First of all, we realized that the data obtained from a casing wear test did not represent a single property of any one of the three elements (casing, tool joint, drilling fluid) of the casing wear system being tested.

The curve of ‘wear groove depth’ vs. ‘test time’, such as that shown in Figure 1, shows the performance of the entire casing wear system under the operating conditions of the test.

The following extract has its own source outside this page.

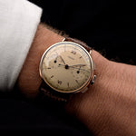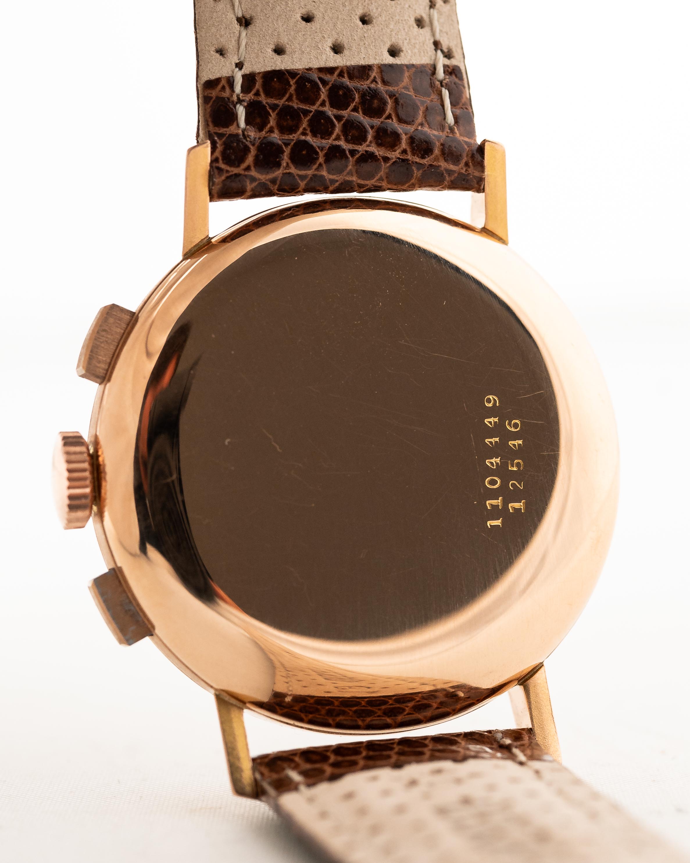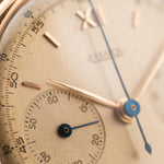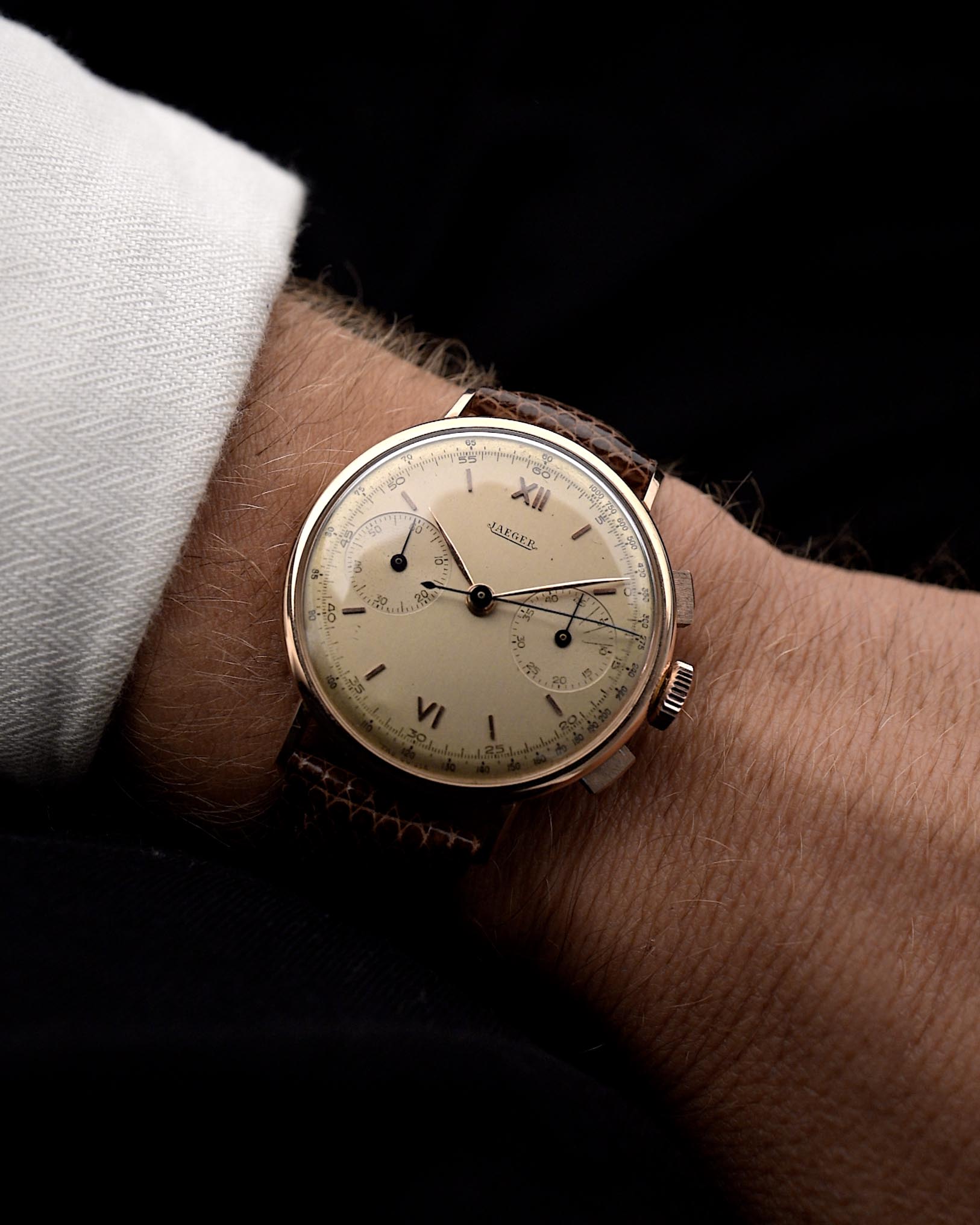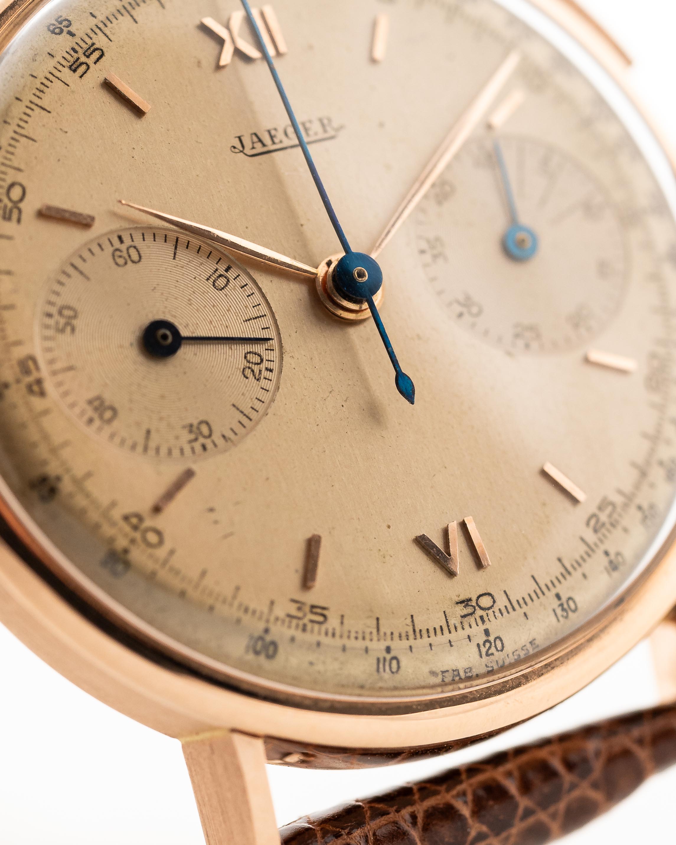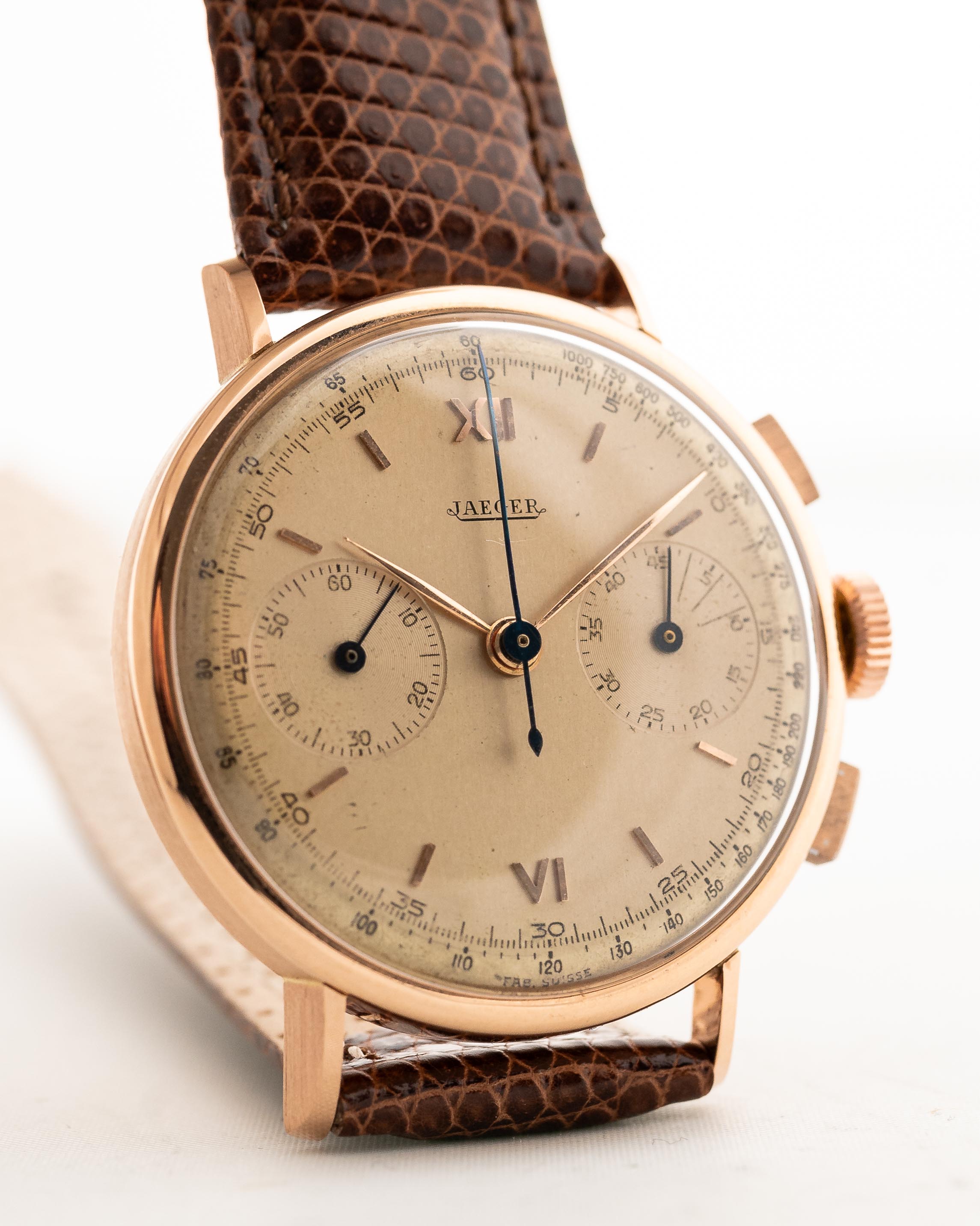 Hier haben wir einen außergewöhnlichen Jaeger Chronographen aus den 1940er Jahren mit einem atemberaubenden 36,5 mm Roségoldgehäuse und einem schönen silber/cremefarbenen Zifferblatt mit herrlichen Roségoldzeigern und -indizes.

Wear Groove Depth VS Elapsed Test Time

Figure 1: Wear Groove Depth VS Elapsed Test Time

Next, we learned that casing grade, such as K-55, N-80, C-95, was not a good indicator of wear properties. Wear factors for various samples of N-80 casing were uncertain to ± 50%. Often there would be a significant difference in the wear factors obtained from casing samples cut from opposite ends of a 40 foot casing joint. Later tests showed a remarkable lack of correlation between wear factor and just about everything else associated with the composition of the casing alloy.

Every casing wear system should be regarded as unique and individual, and probably not related to any other casing wear system.

The Maurer ‘Wear Factor’, shown in Figure 2, has been shown to predict the performance of casing wear systems encountered in drilling operations with an uncertainty that is consistent with the uncertainty of the field measurements.

What is important in estimating casing wear to be expected during drilling operations is whether the casing wear factor will be 0.2 (oil based mud), 1.0 (some of the new hardbanding alloys), 5 to 8 (unprotected tool joints), or as high as 50 or 70 (X-80 as used in riser pipes).

Remember that we said that casing grade was no indicator of casing wear rate? I make an exception for X-80, a line pipe, often used as the basis for 21 inch riser pipes. At first, we didn’t believe our own results, but, yes, it was true. This explains the severity of riser wear adjacent to the flex joint at the wellhead.

Casing Wear Groove Volume VS Work Done by Tool Joint

Figure 2: Casing Wear Groove Volume VS Work Done by Tool Joint

The result of extremely high casing wear rate is shown in Figure 3. The tool joint was hardbanded with rough tungsten carbide, as shown in Figure 1 of Casing Wear Series – 1: How we got here?.

Extremely High Casing Wear Rate

Figure 3: Extremely High Casing Wear Rate

This is why rough, field applied Tungsten Carbide has largely been abandoned as a means to protect tool joints during drilling operations. It does protect the tool joints, but is a bit hard on the casing.